## [Instructions for the task]
Output the data below only from the line containing "小窪 響徒さんを姓名の画数から五運を鑑定" up to and including the line containing "Ferragamo Diplomata Kiltie", exact and with the pictures left out.

## [Task data]

******************************

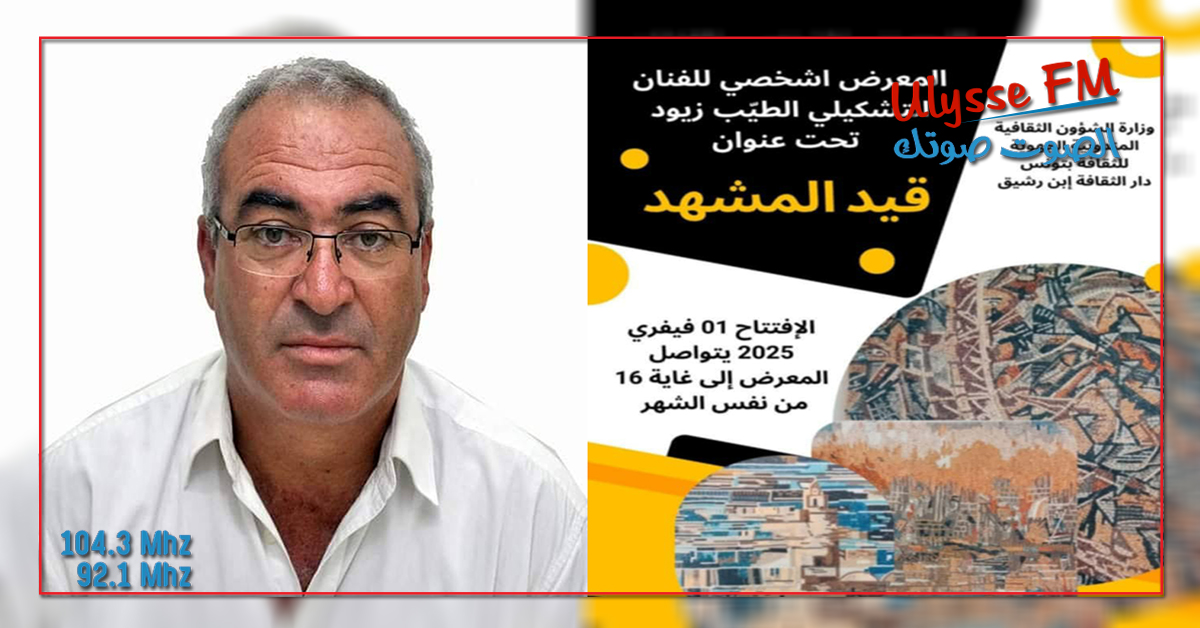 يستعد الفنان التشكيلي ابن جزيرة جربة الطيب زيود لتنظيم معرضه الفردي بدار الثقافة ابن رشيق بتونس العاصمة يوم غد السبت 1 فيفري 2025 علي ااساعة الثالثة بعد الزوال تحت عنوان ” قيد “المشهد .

******************************

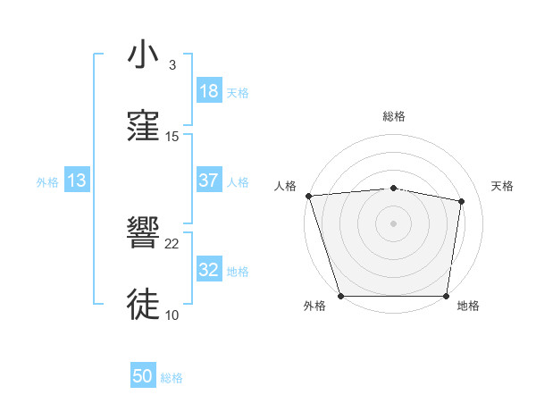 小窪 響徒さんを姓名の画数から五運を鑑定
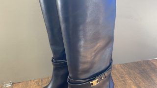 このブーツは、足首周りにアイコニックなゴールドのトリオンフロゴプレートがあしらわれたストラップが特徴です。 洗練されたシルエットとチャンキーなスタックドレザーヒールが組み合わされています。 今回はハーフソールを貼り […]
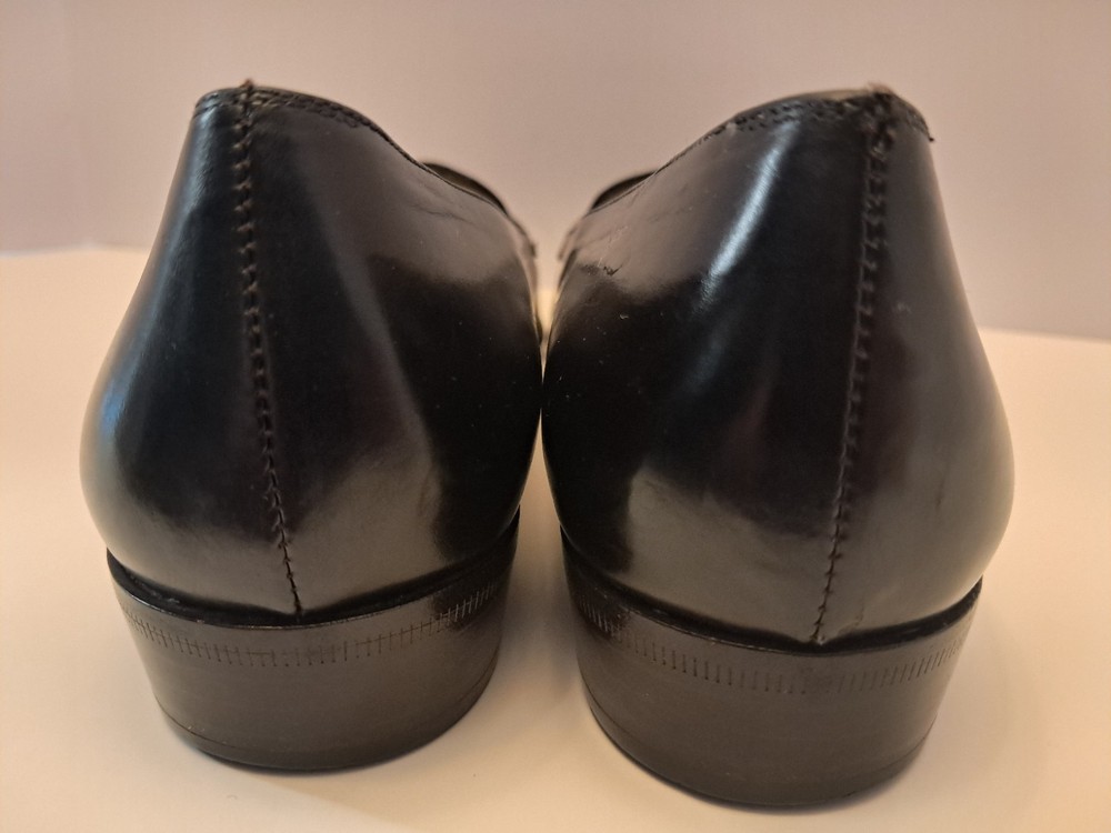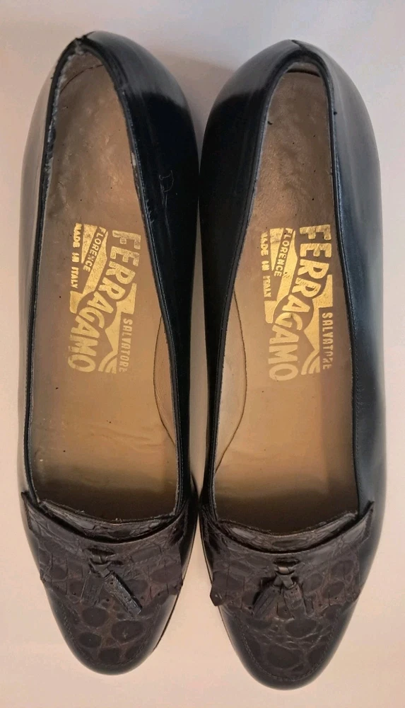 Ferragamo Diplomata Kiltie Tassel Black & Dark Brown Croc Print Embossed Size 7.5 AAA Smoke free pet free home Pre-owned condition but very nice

******************************

## [Problem solution]
 小窪 響徒さんを姓名の画数から五運を鑑定
 このブーツは、足首周りにアイコニックなゴールドのトリオンフロゴプレートがあしらわれたストラップが特徴です。 洗練されたシルエットとチャンキーなスタックドレザーヒールが組み合わされています。 今回はハーフソールを貼り […]
 Ferragamo Diplomata Kiltie Tassel Black & Dark Brown Croc Print Embossed Size 7.5 AAA Smoke free pet free home Pre-owned condition but very nice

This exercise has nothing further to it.